Serena Williams: Why Underrated American Tennis Star Will Win Australian Open
Five-time Australian Open champion Serena Williams is still very much alive in 2012's tournament in Melbourne. The 30-year-old American is on a crash course with No. 4-ranked Russian Maria Sharapova in the quarterfinal round.
If she can get past another Russian, Ekaterina Makarova, and eventually Sharapova, she will have new concerns in the remaining rounds, but nothing that she has not seen before as one of the greatest female tennis players in the history of the sport.
Before missing last year's tournament with a foot injury suffered in the summer of 2010 after stepping on broken glass, Williams had won the previous two Aussie Opens. She has won five of the last nine overall.

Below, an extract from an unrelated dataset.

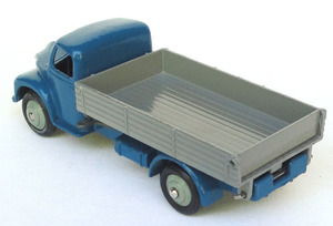This scarce version has a distinctive French blue cab and chassis, deep grey back and pale grey wheels. Smooth tyres. A fine lustre to the paint finish, a shiny baseplate and metal parts generally, including the axle ends.

Arguably the most dominant female tennis player of the past decade, Williams' experience in clutch situations and her sheer talent and power behind the racquet will make her the hands-down favorite the longer she survives in Melbourne.
There are no women on the hard court who can match or top her strength; her remaining opponents will instead have to run her into the ground and hope her aging legs fail her. Williams is an athlete through and through however, and she only gets better as the match wages on.
The success of players like Kim Clijsters at this year's tournament also proves that Williams could in fact be the woman to beat. Clijsters is 28 and nearing her last few years of dominance as well.
She has had several Grand Slam events to use to return to form, and she clearly has rediscovered her game this January. Williams has won six consecutive sets in three rounds at this year's Aussie Open, and that is the best measure of true form and dominance.
Williams has ways to go before she's back at the level we are accustomed to seeing her, but 2012's tournament is wide open, and there is no better competitor left to bet on than the re-emerging American.